At the center of this activity is the Pakistani metallurgist A.Q. Khan and his collaborators. A great deal has been written about them—including by me in these pages2—but I have never found an account as detailed as the one in Peddling Peril: How the Secret Nuclear Trade Arms America’s Enemies, by the nuclear armaments expert David Albright. Albright holds master’s degrees in physics and mathematics and has taught physics. For five years—between 1992 and 1997—he was part of the International Atomic Energy Agency’s Action Team and in that capacity he spent time as a weapons inspector in Iraq. In 1993, he founded the Institute for Science and International Security, a nonprofit research organization based in Washington, D.C., of which he is president.3
In short, Albright is a perfect person to write a book like this. As he recounts, Kahn’s first customer outside Pakistan was Iran. By 1984 the Islamic Republic had decided that it needed gas centrifuges to enrich uranium, which Iranian officials knew had been done by Pakistan. Masud Naraghi, an Iranian engineer with a Ph.D. in plasma physics from Case Western Reserve University in Cleveland, was given the job of buying the necessary information and equipment from somewhere.

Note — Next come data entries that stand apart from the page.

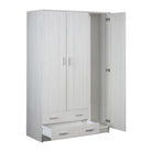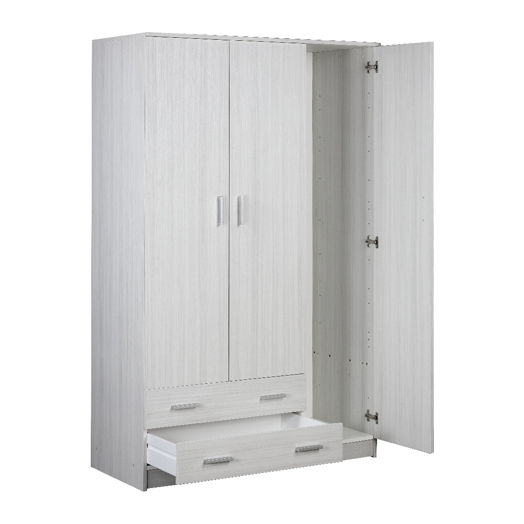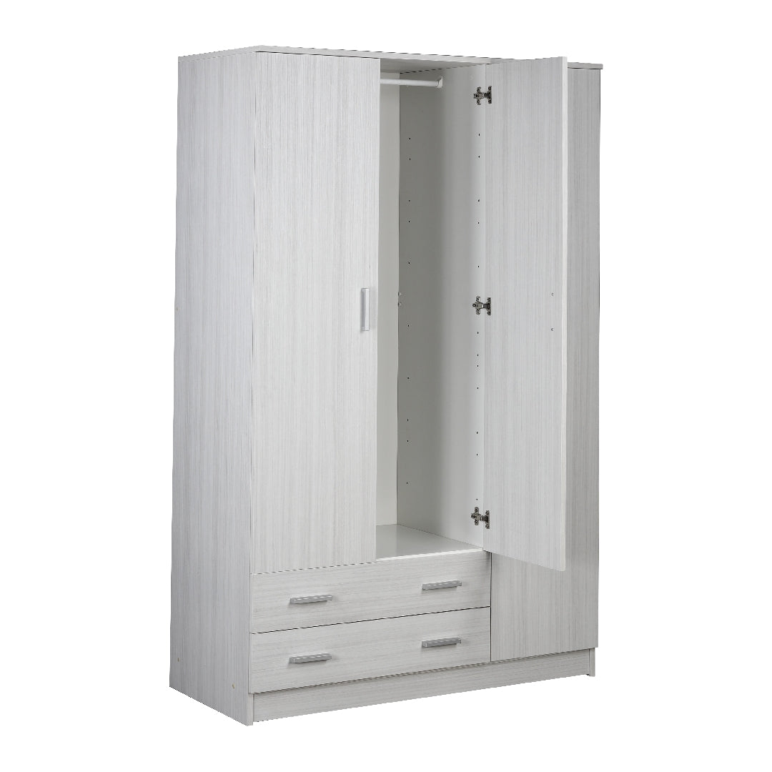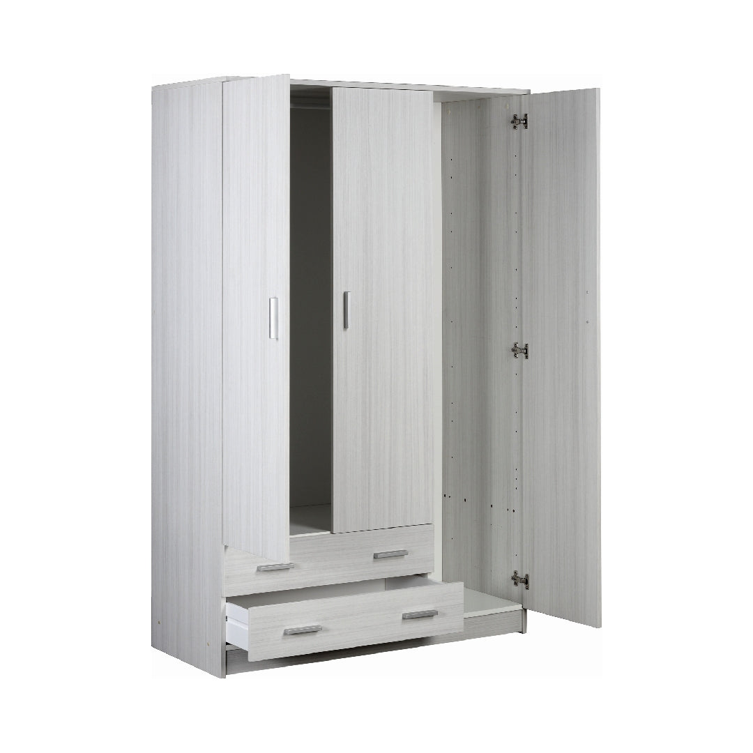 Le tre ante permettono di organizzare abiti, biancheria e accessori in modo ordinato, mentre i due cassetti aggiungono un ulteriore livello di funzionalità.
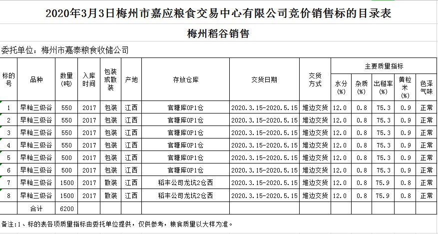 2020年3月3日梅州市嘉泰糧食收儲公司稻谷銷售
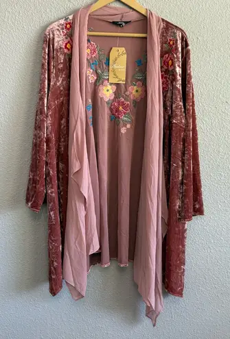 Andree by Unit Crushed Velvet Embroidered Kimono/Open Cardigan‎ Size 2X NWT Pink - $50 New With Tags - From Karla
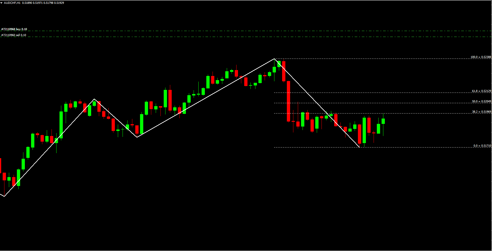 Draws Fibonacci retracement levels between the most recent Zigzag high and low.

Needless to say, the “somewhere” was the network of suppliers that Khan had set up. One of these was a firm in Cologne called Leybold-Heraeus. Among other things, this company had devised a way to place centrifuges in a vacuum to reduce friction, so that the rotors in them could spin faster than the speed of sound. The company had managed to get some of this equipment to Kahn by the usual tactic of claiming that it was “dual use”—i.e., that it had civilian applications—or by shipping it to dummy companies in places like Dubai that had lax or nonexistent export and import regulations. Naraghi seemed to know enough about the Pakistani program to arrange visits to the Leybold plant in Cologne. One of the people he met there was a German engineer named Gotthard Lerch.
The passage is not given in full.